Of course, retailers do have an incentive to stock the most in-demand beer styles, and lately, large-format, mixed-fermentation beers have struggled to find mass appeal. But that’s exactly where the advantage of DTC shipping comes in: There are still fans of such beers, but they’re not necessarily geographically concentrated near the breweries that make them. And as beer has gained more drinkers around the country who show interest, that kind of geographical spread is likely to continue.
“DTC is not for everyone. In fact it’s not for most, which is why it’s hard for us to move this through the legislature or even with the blessing of our guild,” Leigh says. “It really only works for higher-margin products.”
If DTC beer shipping were legalized nationally, Extract says, it could become the majority of Garden Path’s sales. But in the short term, he estimates that if the lawsuit against the state of Oregon was successful in opening up DTC sales to residents there, Garden Path might take in just a few extra orders per month.
“I doubt that the volumes would be huge,” he says. “But Oregon being our neighbor state and being a place where a lot of people are interested in where their food and drink come from … I can see us gaining more of an audience there.”
Extract emphasizes that his motivations with the lawsuit are not purely related to the few cases of beer that Garden Path might ship to Oregon every month. He views it as an issue of consumer choice and regulatory fairness, and hopes that it could create momentum for DTC beer shipments from out-of-state producers elsewhere, including in the state of Washington. The BA has stated that simply changing laws to put beer on even footing with DTC wine would grow the potential DTC consumer market for beer by 6.5 times.

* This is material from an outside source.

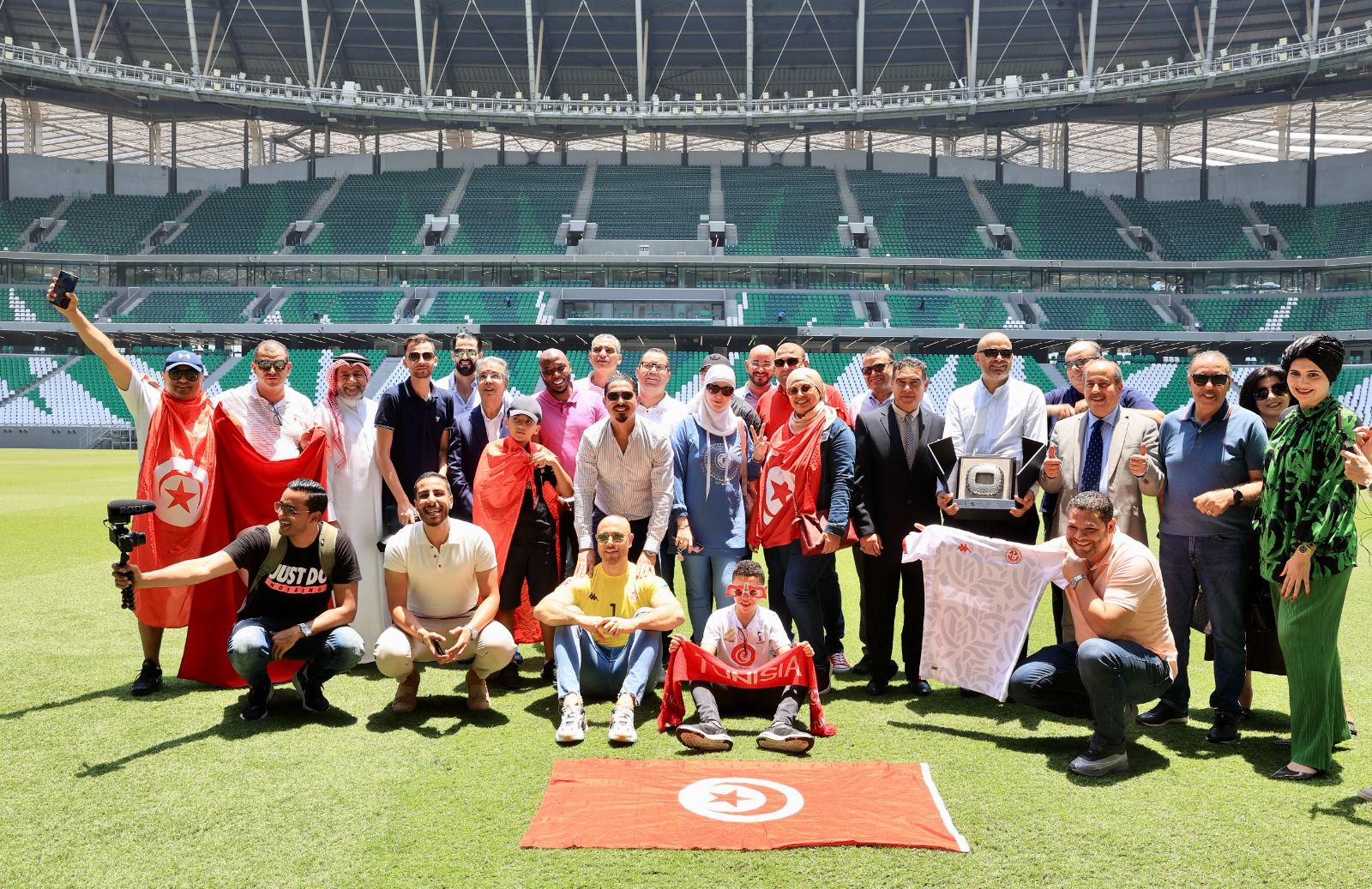 On 8 يونيو، 2022 by sarraدعا نجما الكرة التونسية طارق ذياب وحاتم الطرابلسي المشجّعين لدعم منتخب نسور قرطاج خلال مشاركته في منافسات كأس العالم FIFA قطر 2022، والتي يستهلها بمواجهة منتخب الدنمارك، في استاد المدينة التعليمية، الذي يستضيف كذلك مباراة تونس أمام فرنسا بطل العالم في 30 نوفمبر المقبل. وفي حوار مع موقع “Qatar2022.qa”، أكّد ذياب والطرابلسي أنّ المشاركة في

Wineries can currently ship up to five cases of wine monthly to consumers in Oregon; out-of-state spirits producers cannot ship directly to Oregon residents, according to Sovos ShipCompliant.

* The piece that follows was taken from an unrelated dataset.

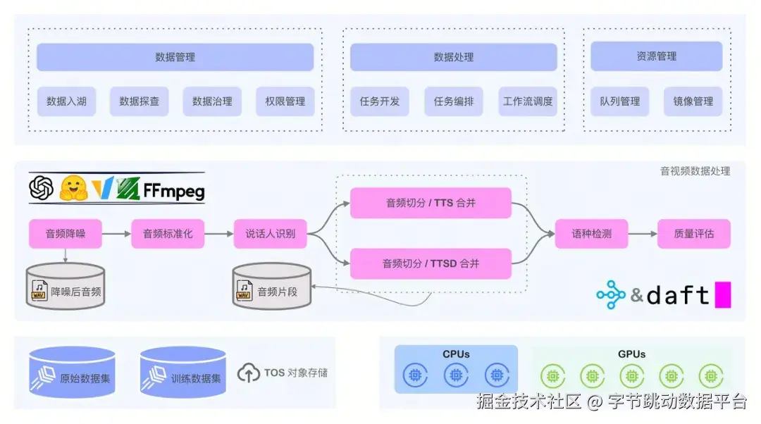 依托 Daft 引擎的并行计算与弹性调度能力,系统可针对海量音频数据执行高效的分布式计算。这一机制有效解决了异构算力环境下的负载均衡问题,确保了复杂计算任务的高效流转。

“Government regulation should be in place to serve the interests of the people and I don’t see how preventing people from buying things that they want to purchase is in their best interests,” Extract says. “If it’s safe to ship wine to consumers, then why would that not be the case for beer?”
Avalara reports that through DTC sales, wineries have access to about 97% of legal-drinking-age Americans. Just 17% of Americans have access to DTC beer shipments. Carroll predicts it will take at least 15 years for beer to achieve parity with wine when it comes to DTC shipping. Both routes for changing those laws—lawsuits and legislation—take years, and take place on a state-by-state basis.

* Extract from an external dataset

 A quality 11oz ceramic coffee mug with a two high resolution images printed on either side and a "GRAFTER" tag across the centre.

“However, gaining access to the bigger population states of California, Texas, Florida, and New York would significantly change the landscape,” he adds.
Averie Swanson, founder and beermaker at Keeping Together Brewery (which is currently transitioning its base from Chicago to Sante Fe, New Mexico), says the Washington breweries’ lawsuit is heartening. Keeping Together makes mixed-culture and Saison-style beers that retail for $14-$20 per bottle, and DTC shipping is an option Swanson would like to explore for her own business. She credits the Washington breweries for trying to push DTC permissions for beer using new strategies.
“It doesn’t surprise me that people are thinking about how they can tackle this in a way that’s different from how we’ve gone about it. That is the archetypal craft brewer thing,” Swanson says. “It’s inspiring to me.”
While Leigh and the lawsuit’s plaintiffs focus on Oregon, they hope to see similar efforts in other states, granting DTC permissions to not only breweries but beer retailers, too. Because lawsuits rely on precedent, they’re hopeful that winning their lawsuit could bolster others.
“We can rely on 20 to 25 years of political history and case law that has developed around this,” Leigh says. “That’s why we chose a lawsuit as the way to do it.”
There is a downside to the legal angle, however: time. Leigh anticipates this case won’t be decided for three to five years.